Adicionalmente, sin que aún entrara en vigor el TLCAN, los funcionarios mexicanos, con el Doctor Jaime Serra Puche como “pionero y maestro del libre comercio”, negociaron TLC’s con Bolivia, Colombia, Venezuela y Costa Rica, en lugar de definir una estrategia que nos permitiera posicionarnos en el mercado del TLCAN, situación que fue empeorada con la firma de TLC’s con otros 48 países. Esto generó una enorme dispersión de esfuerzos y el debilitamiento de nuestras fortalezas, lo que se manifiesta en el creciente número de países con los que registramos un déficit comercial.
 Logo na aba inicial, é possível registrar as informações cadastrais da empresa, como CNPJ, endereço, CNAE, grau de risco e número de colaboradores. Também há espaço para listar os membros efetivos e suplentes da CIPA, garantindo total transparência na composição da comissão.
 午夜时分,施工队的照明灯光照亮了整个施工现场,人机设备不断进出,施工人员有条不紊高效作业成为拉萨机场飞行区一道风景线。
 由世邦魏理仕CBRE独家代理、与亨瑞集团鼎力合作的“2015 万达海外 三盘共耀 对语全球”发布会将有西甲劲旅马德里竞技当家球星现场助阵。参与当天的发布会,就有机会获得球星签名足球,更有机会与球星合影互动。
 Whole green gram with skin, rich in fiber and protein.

◇ ◇ ◇

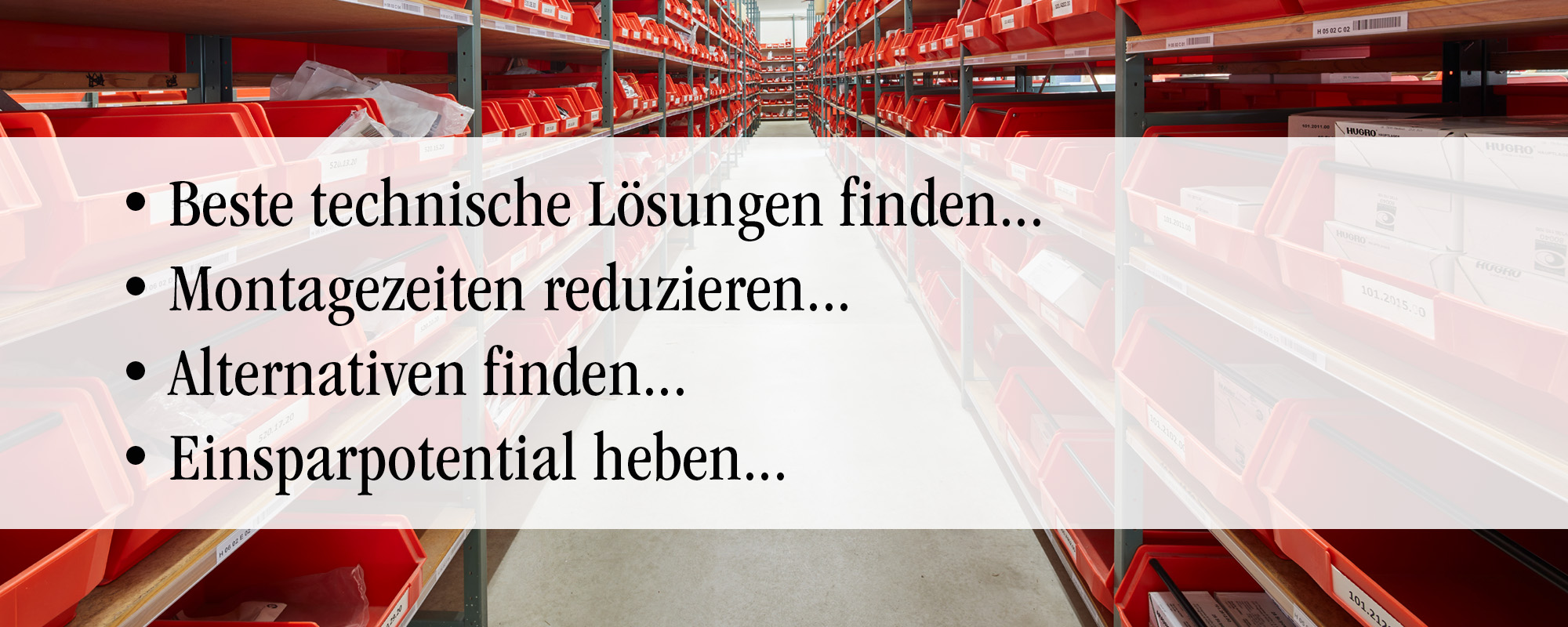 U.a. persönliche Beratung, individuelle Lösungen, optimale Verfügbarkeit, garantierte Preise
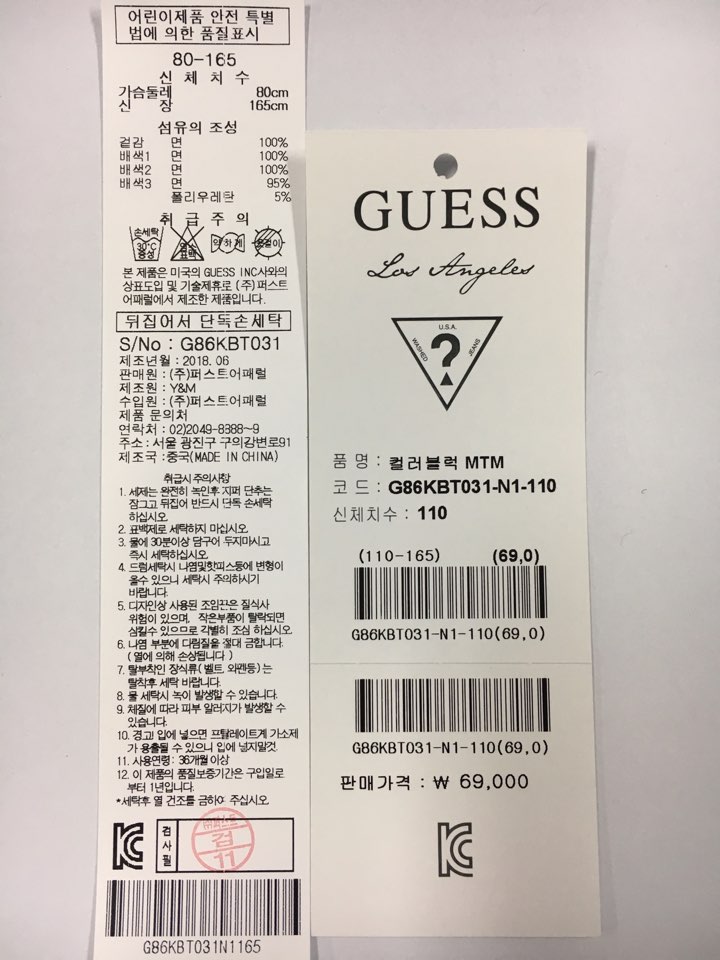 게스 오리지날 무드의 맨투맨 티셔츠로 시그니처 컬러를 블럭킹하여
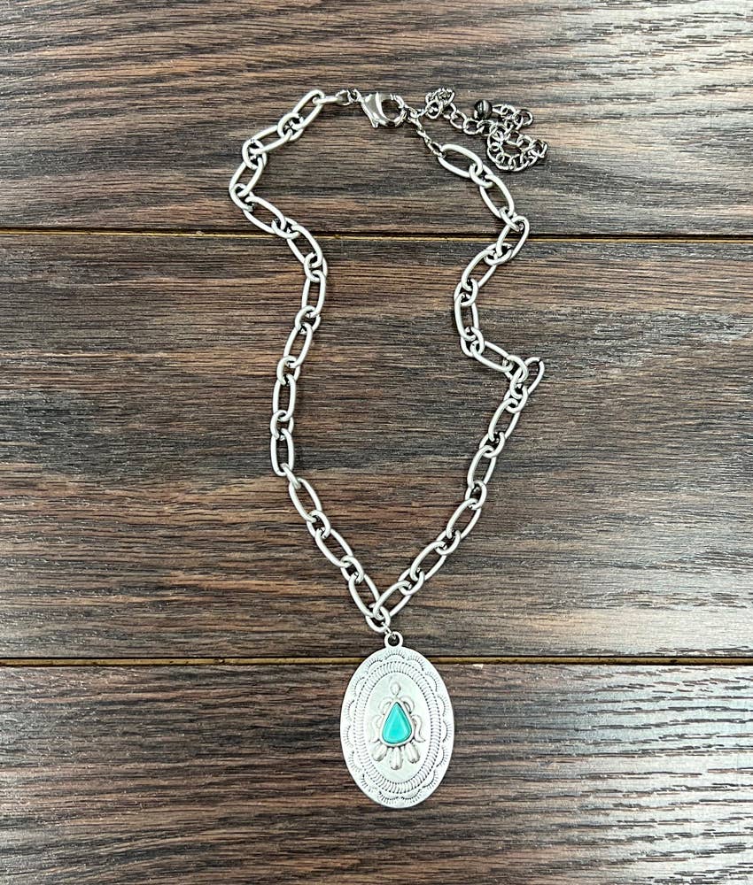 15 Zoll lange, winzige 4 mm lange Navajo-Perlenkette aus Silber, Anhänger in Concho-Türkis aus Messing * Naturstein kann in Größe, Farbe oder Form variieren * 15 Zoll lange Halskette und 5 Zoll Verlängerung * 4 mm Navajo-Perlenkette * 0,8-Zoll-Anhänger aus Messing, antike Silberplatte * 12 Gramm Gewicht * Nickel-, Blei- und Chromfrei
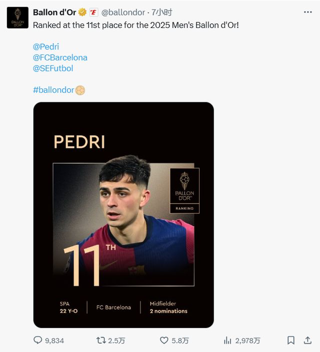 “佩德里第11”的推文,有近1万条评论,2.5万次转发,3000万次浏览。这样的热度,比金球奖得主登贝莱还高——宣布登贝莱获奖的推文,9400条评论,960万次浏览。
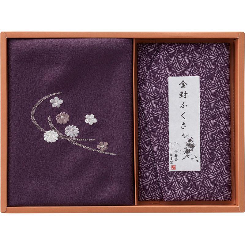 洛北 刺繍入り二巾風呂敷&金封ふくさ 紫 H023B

◇ ◇ ◇

Assigned task:
Give the exact lines, and only those, from the line containing "午夜时分,施工队的照明灯光照" through the line containing "Whole green gram" in the entries above.

Response to the exercise:
 午夜时分,施工队的照明灯光照亮了整个施工现场,人机设备不断进出,施工人员有条不紊高效作业成为拉萨机场飞行区一道风景线。
 由世邦魏理仕CBRE独家代理、与亨瑞集团鼎力合作的“2015 万达海外 三盘共耀 对语全球”发布会将有西甲劲旅马德里竞技当家球星现场助阵。参与当天的发布会,就有机会获得球星签名足球,更有机会与球星合影互动。
 Whole green gram with skin, rich in fiber and protein.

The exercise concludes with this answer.